● INFORMATION SUPPLIED
####

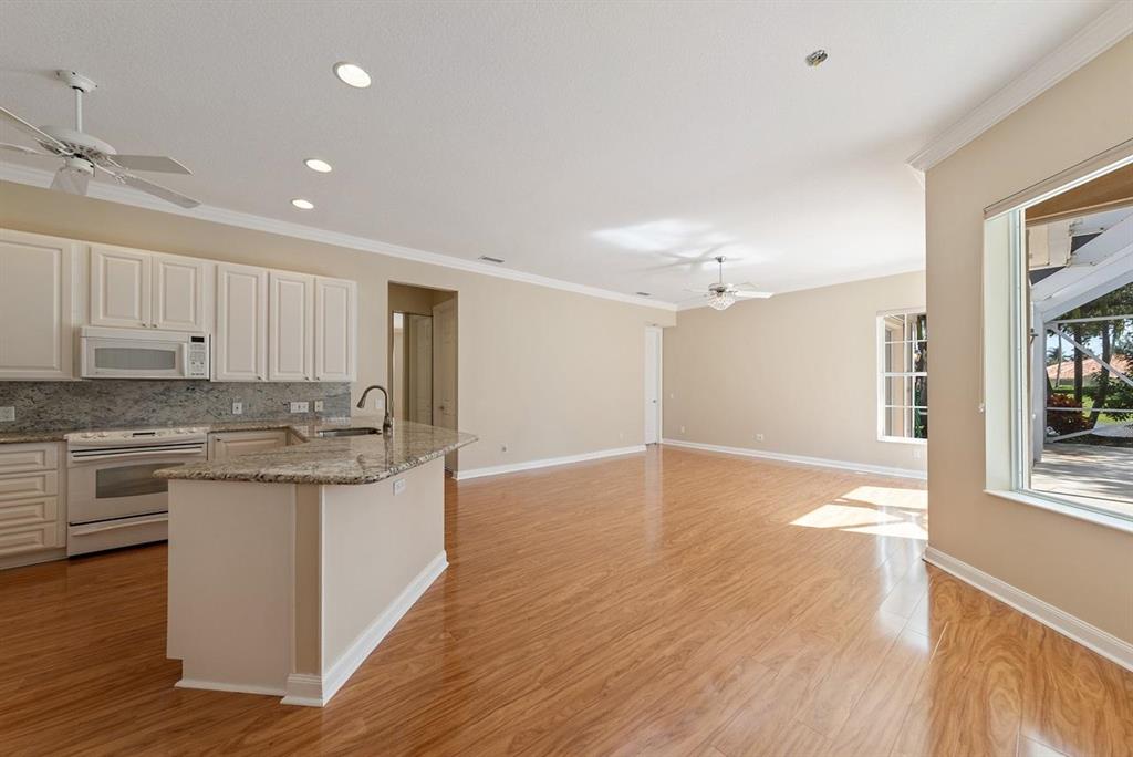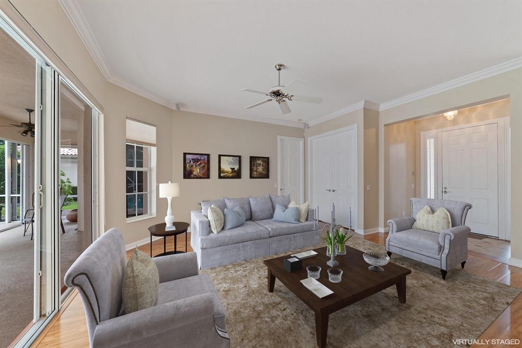 Truly Unique 4 Bedroom, 3 Bath Windsor Model in RiverWalk,, A 24 hour 5 Star Resort Style Manned Gated Community! This Jewel is Set on a Lush Tropically Landscaped Lot with Incomparable Views of 2 Lakes! This is Just the Beginning! There is also a Screened Swimming Pool with the same Views! All 15 Minutes to Everything that is Great About Palm Beach County! From the Screened Entry that Leads to the Designer Tile Foyer, to The Living Room with Stunning Faux Hardwood Floors, Sliders to the Lanai & Pool, the Separate Formal Dining Room & the Stunning Unique Library, This is an Exceptional Residence! The Faux Hardwood Floors continue through to the Updated Kitchen, which is the Hub for Casual Entertaining & Everyday Living that has Newer Granite Counter Tops, a Newer Decorative Tile Back
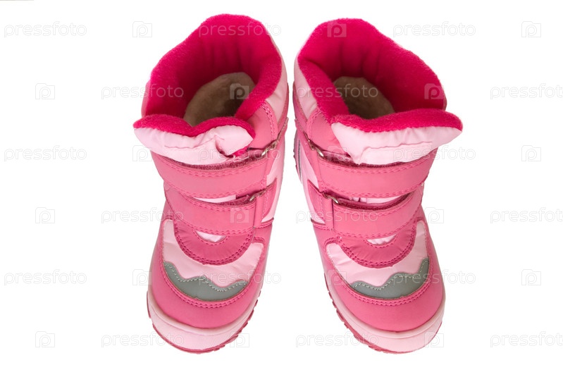 Детские розовые сапожки на белом фоне
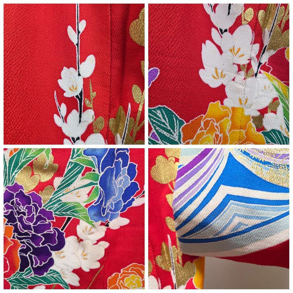 C 着物くつろぎ 作家物 レトロ 豪華 牡丹の花模様 金彩 縮緬 赤 正絹 引き摺り 振袖 着物の検索結果
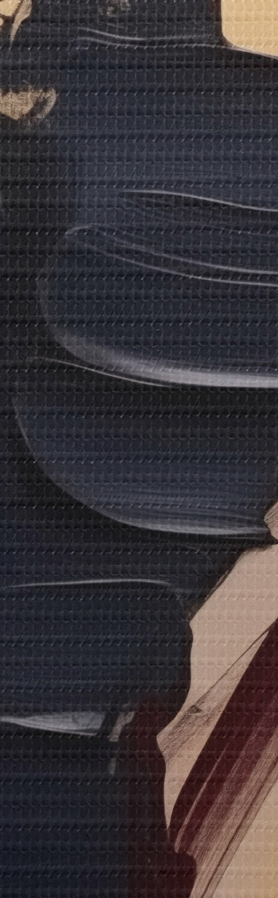 Selle lõuendi peenike niidipunus meenutab professionaalse kunstniku lõuendi pinda.

####

● YOUR TASK
Any picture found in the data is to be skipped while the rest is copied exactly.

● FINISHED TASK
 Truly Unique 4 Bedroom, 3 Bath Windsor Model in RiverWalk,, A 24 hour 5 Star Resort Style Manned Gated Community! This Jewel is Set on a Lush Tropically Landscaped Lot with Incomparable Views of 2 Lakes! This is Just the Beginning! There is also a Screened Swimming Pool with the same Views! All 15 Minutes to Everything that is Great About Palm Beach County! From the Screened Entry that Leads to the Designer Tile Foyer, to The Living Room with Stunning Faux Hardwood Floors, Sliders to the Lanai & Pool, the Separate Formal Dining Room & the Stunning Unique Library, This is an Exceptional Residence! The Faux Hardwood Floors continue through to the Updated Kitchen, which is the Hub for Casual Entertaining & Everyday Living that has Newer Granite Counter Tops, a Newer Decorative Tile Back
 Детские розовые сапожки на белом фоне
 C 着物くつろぎ 作家物 レトロ 豪華 牡丹の花模様 金彩 縮緬 赤 正絹 引き摺り 振袖 着物の検索結果
 Selle lõuendi peenike niidipunus meenutab professionaalse kunstniku lõuendi pinda.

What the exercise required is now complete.